CAÑON CITY, Colo. — With more than 100 bodies improperly stored at the Return to Nature Funeral Home in Penrose funeral home, many people are wondering, how did this happen?
The president of the Colorado Funeral Directors, Joseph Walsh, said there is no specific license required for people working in funeral homes. People working in funeral homes do not need a certificate, education or license. Instead, it is the funeral home itself that is required to renew their license every year. The Return To Nature's Funeral Home registration expired in November 2022.
Michael Hendry is the general manager of the Holt Family Funeral Home in Cañon City.
“In the state of Colorado we are very unique; we do not require licensing for funeral directors or education requirements for funeral directors,” Hendry said.
Hendry has a degree in mortuary science, but in the state of Colorado, it's not a requirement. He said, even though it is not a requirement, many of the funeral home directors he knows, do have a degree in mortuary science. Holt Family Funeral Home provides multiple services that a family might need for their loved one, including cremation and burial.
“We can help you and assist the families in any way that they need,” Hendry said. “Our funeral directors when they are meeting with the families are kept up to high standards,” Hendry said.
Hendry said according to state regulations, one of five things must happen within 24 hours of someone passing away.
“So an individual has to be embalmed, refrigerated, cremated, buried or donated to science,” Hendry said.
Holt Family Funeral Home also has their own policies in place.
“We make sure they have the proper identification on them so we can make sure who they are. Then we met with the family and talked about what the family needs and wants,” Hendry said.
Hendry said he is unsure how the investigation into the Return to Nature Funeral Home will impact the funeral home industry entirely. He did mention he believes people could become more involved in the process.
“If they want to come inspect our facility they are more than welcome to,” Hendry said. “We will show them where their loved one is kept. We will show them where they will be, where the disposition will take place. We're very open because we want our families to be comfortable with the services that we are providing. We want them to have faith in us and trust us and we understand that trust has to be earned,” Hendry said.

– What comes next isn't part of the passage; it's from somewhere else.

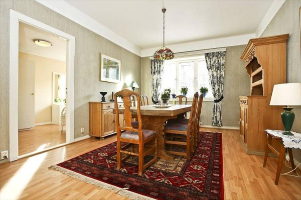 Benyttes i dag som spisestue, men egner seg også godt som soverom. Laminat på gulv, tapet på vegg og malt himling.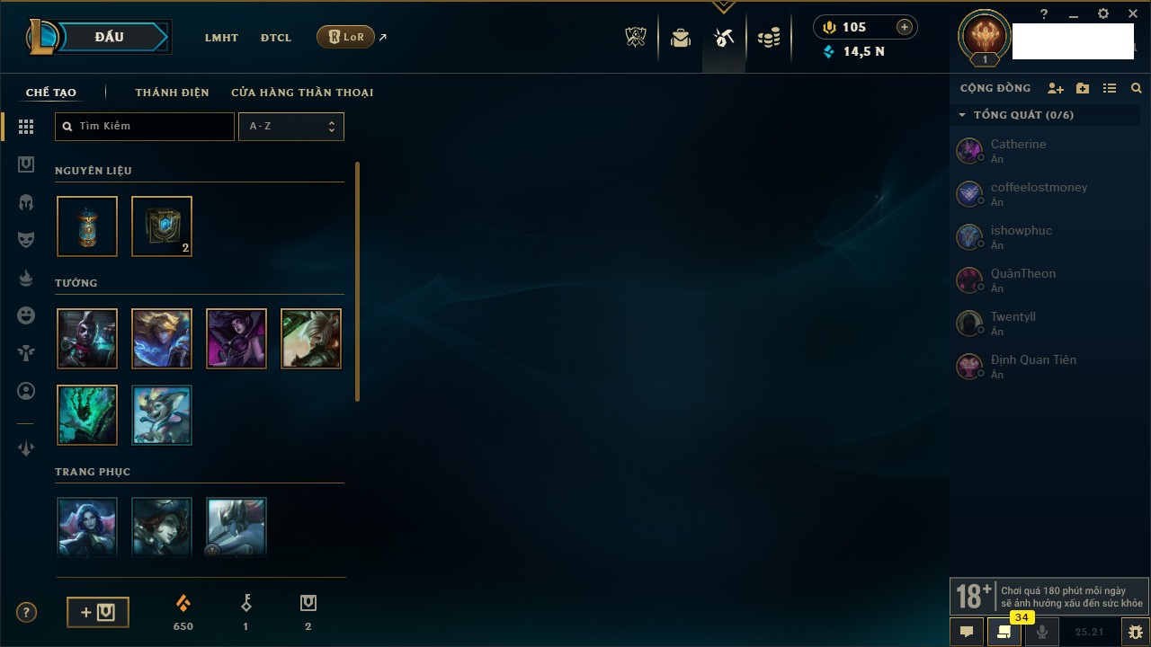 Rank Đơn: Chưa rank mùa nào Khung: Chưa có khung Tướng: 56 - Còn 2186 THX Trang Phục: 1 Rank ĐTCL: Chưa Rank Linh Thú: 25

Just down the road from the Holt Family Funeral Home is Harwood Cremation And Funeral Service.
The owner of Harwood Cremation And Funeral Services, Lloyd Harwood said they always allow families to see and spend time with their loved ones, get closure and say goodbye.
“They can see their loved one and how they are taken care of until the time of burial or cremation, unfortunately that does not seem to be the case going on there,” Harwood said.
He is referring to the Return To Nature Funeral Home investigation. The Fremont County sheriff said the 115 bodies found were improperly stored inside the Return To Nature Funeral Home.
Hendry said improper storage of bodies means they were not refrigerated correctly.
“They are speaking mostly to the fact that there is no refrigeration there to keep the bodies at a cooler temperature,” Hendry said.
Hendry said proper storage is around 38 to 45 degrees of refrigeration, a fact everyone in the funeral home business knows.He also said the situation at the funeral home in Penrose, is very unusual.
According to Walsh, funeral home inspections are new in Colorado this year.
A law was passed this spring allowing the Colorado Department of Regulatory Agencies to inspect funeral homes. Before this year the department did not have authorization to do so.